Besides the Dunning’s log-likehood, another effective approach of text mining is tf-idf (term frequency–inverse document frequency). By using the tf-idf approach, the value of six places in these two language versions are showed in Table 3.
Table 3: tf-idf in three volumes in Manchu and Chinese.
| Place | Volume 1 | Volume 2 | Volume 3 | |||||||
| tf | idf | Tf-idf | tf | idf | Tf-idf | tf | idf | Tf-idf | ||
| Fujian | M | 0.487 | 0.720 | 0.350 | 0.2 | 1.610 | 0.322 | 0.363 | 1.012 | 0.368 |
| C | 0.571 | 0.560 | 0.320 | 0.2 | 1.610 | 0.322 | 0.375 | 0.981 | 0.368 | |
| Zhejiang | M | 0.128 | 2.054 | 0.263 | 0.05 | 2.996 | 0.150 | 0.045 | 3.091 | 0.141 |
| C | 0.071 | 2.640 | 0.189 | 0.05 | 2.996 | 0.150 | 0.063 | 2.772 | 0.173 | |
| Taiwan | M | 0.064 | 2.747 | 0.176 | 0.225 | 1.492 | 0.336 | 0.432 | 0.840 | 0.054 |
| C | 0.071 | 2.640 | 0.189 | 0.2 | 1.609 | 0.322 | 0.344 | 1.068 | 0.076 | |
| Xiamen | M | 0.167 | 1.792 | 0.299 | 0.25 | 1.386 | 0.347 | 0.068 | 2.686 | 0.183 |
| C | 0.143 | 1.946 | 0.278 | 0.275 | 1.291 | 0.355 | 0.094 | 2.367 | 0.222 | |
| Jinmen | M | 0.141 | 1.959 | 0.276 | 0.175 | 1.743 | 0.305 | 0.068 | 2.656 | 0.183 |
| C | 0.125 | 2.079 | 0.260 | 0.175 | 1.743 | 0.305 | 0.094 | 2.367 | 0.222 | |
| Haicheng | M | 0.013 | 4.357 | 0.056 | 0.1 | 2.303 | 0.230 | 0.023 | 3.784 | 0.086 |
| C | 0.018 | 4.025 | 0.072 | 0.1 | 2.303 | 0.230 | 0.031 | 3.466 | 0.108 | |
What can the statistics show? The statistics can at least tell readers two facts. First, as mentioned above, categorizing them in two clusters, the large scale cluster including Fujian, Zhejiang, and Taiwan, shows that they became increasing different. Additionally, the Manchu version might describe large places more precise than Chinese version did, but both equally described the city or small scale places.

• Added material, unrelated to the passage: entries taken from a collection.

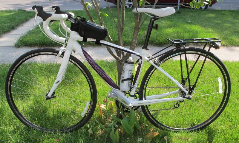 This is my road bike that I bought last may a 2011 Specialized Dolce Sport Compact that I ride on group rides that meet twice a week. I now have a REI Novara trunk on the rack that is loaded with all kinds of stuff, including an emergency kit, tools, extra tire tubes, rain jacket. Just last week a guy went over his bike and sliced a finger wide open. I was able to stop the bleeding & patch him up so he could continue with the ride..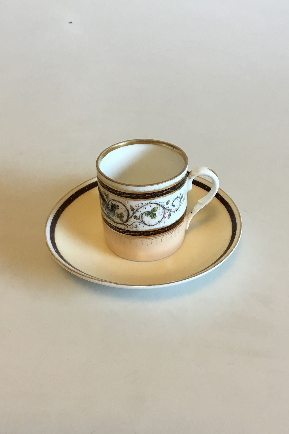 Carl Tielsch / Altwasser Mocca Cup decorated with flower frieze with dragons and gold. From 1875-1909. Measures cup: 5.6 cm / 2 13/64 in. x 5.4 cm / 2 1/8 in. dia. Saucer: 12.5 cm / 4 59/64 in. dia.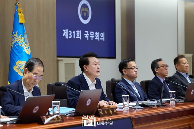 윤석열 대통령이 지난 16일 용산 대통령실에서 2024년도 제31회 국무회의를 주재하고 있다.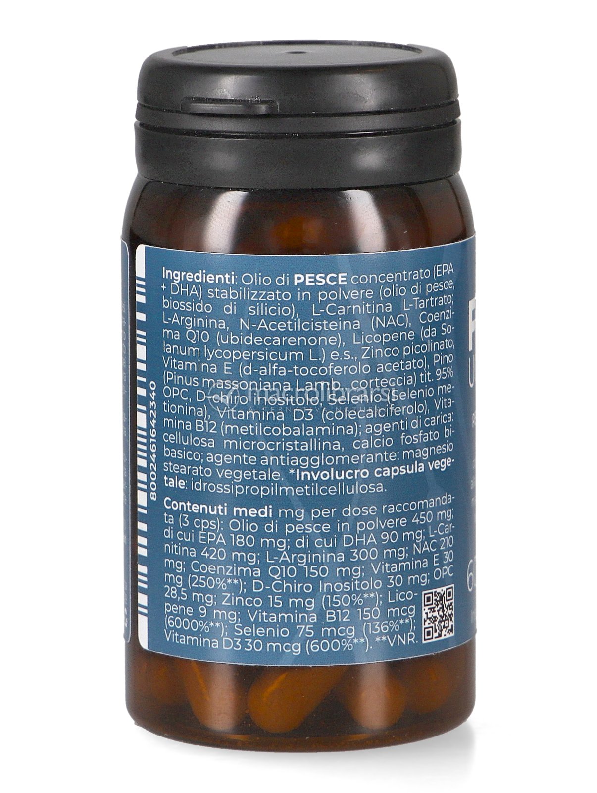 La formula è arricchita con olio di pesce (EPA e DHA), L-carnitina, L-arginina e N-acetilcisteina (NAC), insieme a coenzima Q10 e licopene, per sostenere il metabolismo energetico e contrastare lo stress ossidativo.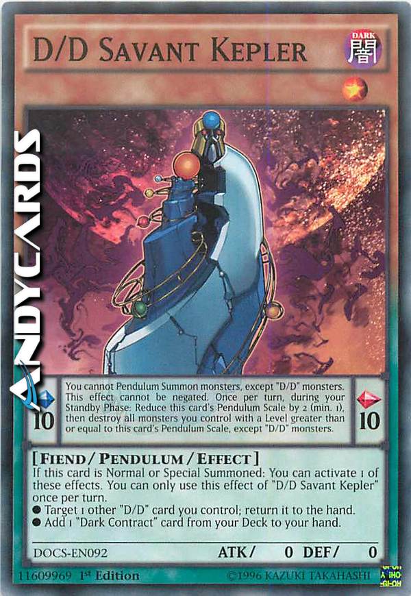 Valore Pendulum 10 Non puoi Evocare Pendulum mostri, eccetto mostri "D/D". Questo effetto non può essere annullato. Una volta per turno, durante la tua Standby Phase: riduci il Valore Pendulum di questa carta di 2 (minimo 1), poi distruggi tutti i mostri che controlli con Livello pari o superiore al Valore Pendulum di questa carta, eccetto i mostri "D/D". - Se questa carta viene Evocata Normalmente o Specialmente: puoi attivare 1 di questi effetti. Puoi utilizzare questo effetto di "D/D Sapiente Keplero" una sola volta per turno. - Scegli come bersaglio 1 altra carta "D/D" che controlli; falla ritornare nella mano. - Aggiungi 1 carta "Contratto Oscuro" dal tuo Deck alla tua mano.

Why did Fujian decrease its difference over time? Comparing to the comparison of city scale, the government focuses on cities because the war between the Qing and Zheng had become locally. This fully explains why a lot of cities, towns, and villages appeared in the second volume. As a result, either Chinese or Manchu recorded the similar tendency because they were probably written based on the same sources.

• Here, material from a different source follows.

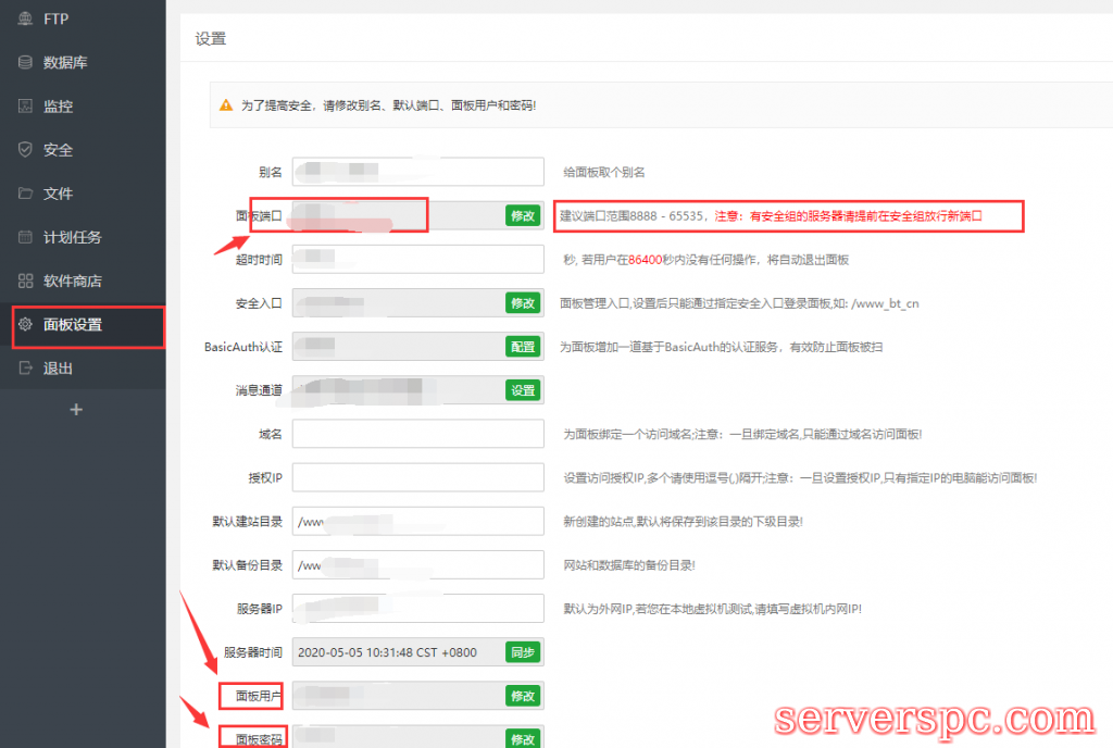 6.为安全起见,建议修改你的用户名和密码,以及面板默认端口。

According to the analyses, a lot of differences are obvious. For example, Manchu people are more frequently mentioned in Manchu version; by contrast, Han Chinese are more frequently mentioned in Chinese version. Additionally, by analyzing Dunning’s log-likehood and tf-idf, the six overlapping places in all three volume suggests that the importance of places change over time. Although the two versions are basically similar in their structures and archives, they are significantly different. Consequently, the Manchu and Chinese versions are not translated from each other. After comparing three major proper nouns– place, person, and position, it suggests that the Manchu version is more precise than Chinese.